Bu mektup, yine Şeyh Kebir’e yazılmıştır. Kalbin itminana kavuşması, ancak zikir ile olur. İncelemekle, düşünmekle olmayacağı bildirilmektedir:
Allahü teâlâ bizi ve sizi Muhammed aleyhisselâmın dinine uygun olan işler yapmaya kavuştursun “alâ sâhibihessalâtü vesselâmü vettehıye”!

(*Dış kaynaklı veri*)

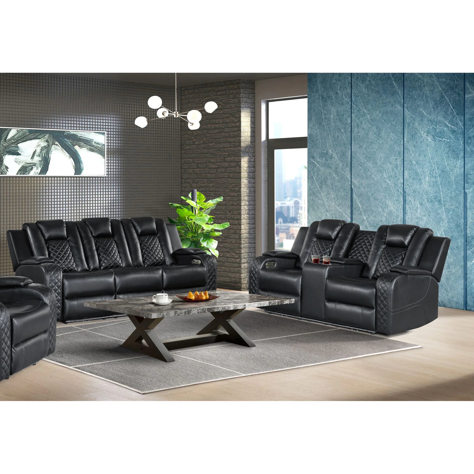 Upgrade your living room with the Carlo 2PC Living Room Set. This set includes a sofa and loveseat, both featuring power motion head recliners for maximum comfort. The loveseat also includes a convenient storage console with metal cupholders, while the sofa boasts a drop-down table with power outlets, cupholders, and reading lights. Hidden storage in the armrest, USB Type A and C outlets, LED under lighting, and foam-filled cushions with spring combination provide added functionality and comfort. The stylish diamond stitching adds a touch of elegance to your living space.
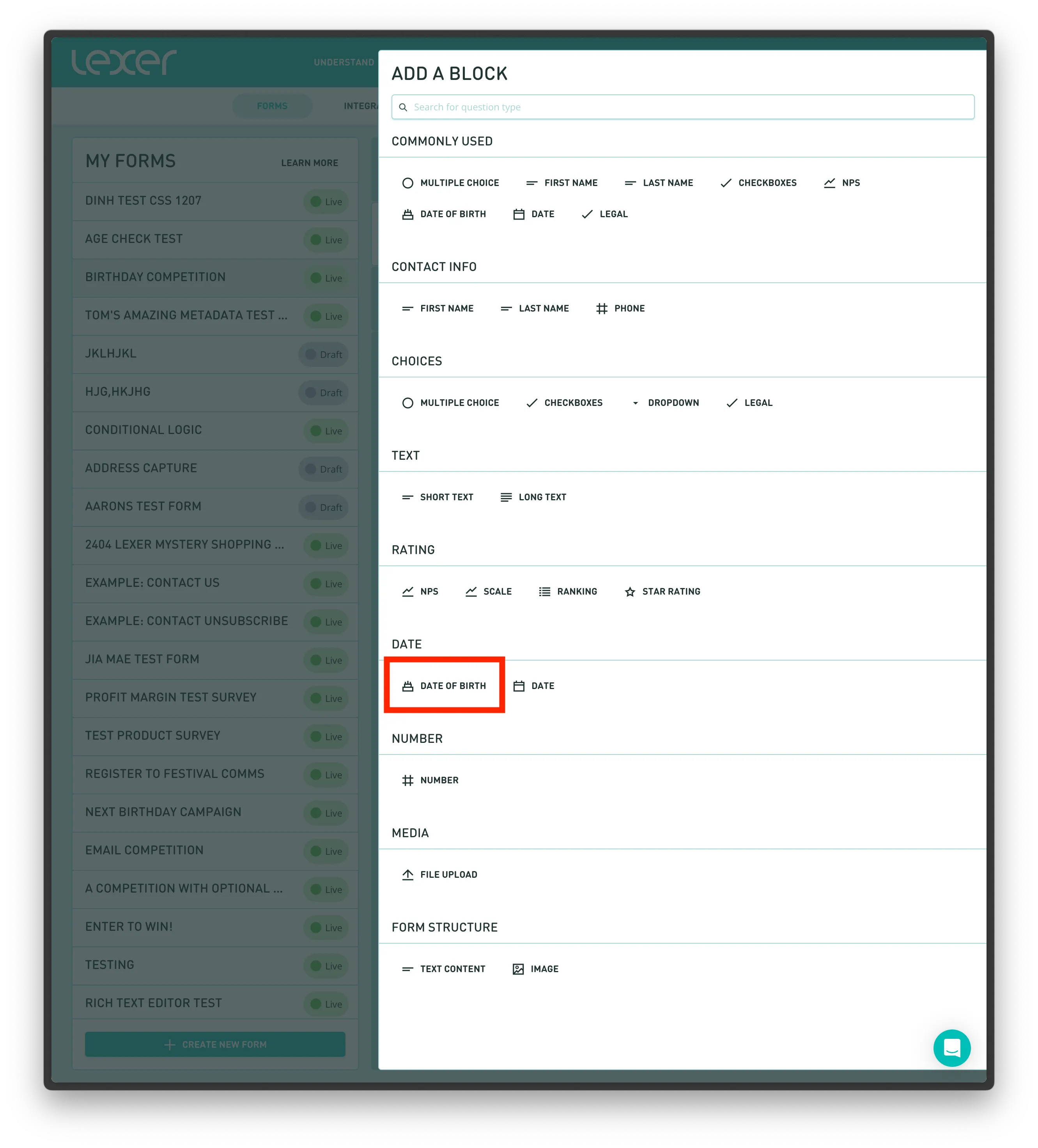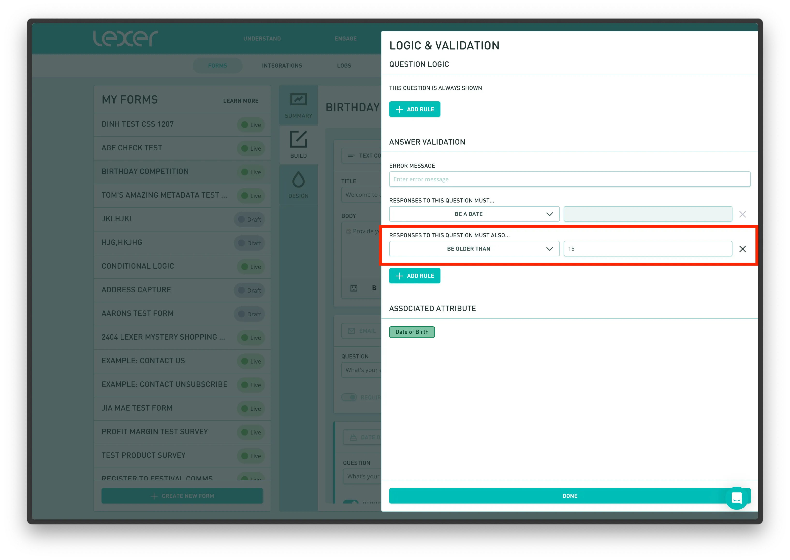 Forms now supports “Date of Birth” question types that map responses to the standard Date of Birth attribute. Supports multiple forms all writing to this single attribute, improving data quality. https://learn.lexer.io/docs/create-build-and-design-forms

Rad sûresi 30. âyetinde meâlen, (Biliniz ki kalpler ancak zikir ile itminana kavuşur) buyruldu. Kalbi itminana kavuşturan tek yol vardır. Bu tek yol, Allahü teâlâyı zikretmektir. Akıl ile incelemekle ve düşünmekle kalp itminana kavuşamaz. Fârisî iki beyt tercümesi:
Her şeyi akıl ile çözmek isteyen kişi,
Tahta ayak takmış bacaksızlara benzer.
Kısa aklına uydurmak ister her işi,
Dün yaptığını, bugün değiştirmek ister.
Çünkü, zikir ederken, O mukaddes Zât ile bir bağlılık hâsıl olur, her ne kadar, Onunla hiçbir bağlılık kurulamaz. Ayaklar altındaki toprak [yani insan] nerede, her şeyin sâhibi olan [Allahü teâlâ] nerede? Fakat hatırlayan ile hatırlanan arasında az bir bağlantı hâsıl olur. Bu bağlılıktan da, sevgi doğar. Zikir edenin kalbini sevgi kaplayınca, kalpte itminân hâsıl olur. Kalpte itminân hâsıl olması, insanı sonsuz saadetlere kavuşturur. Fârisî beyt tercümesi:
Zikret zikir, bedende iken canın,
Kalp temizliği, zikriledir Rahmanın.
Evveliniz ve sonunuz selamette olsun!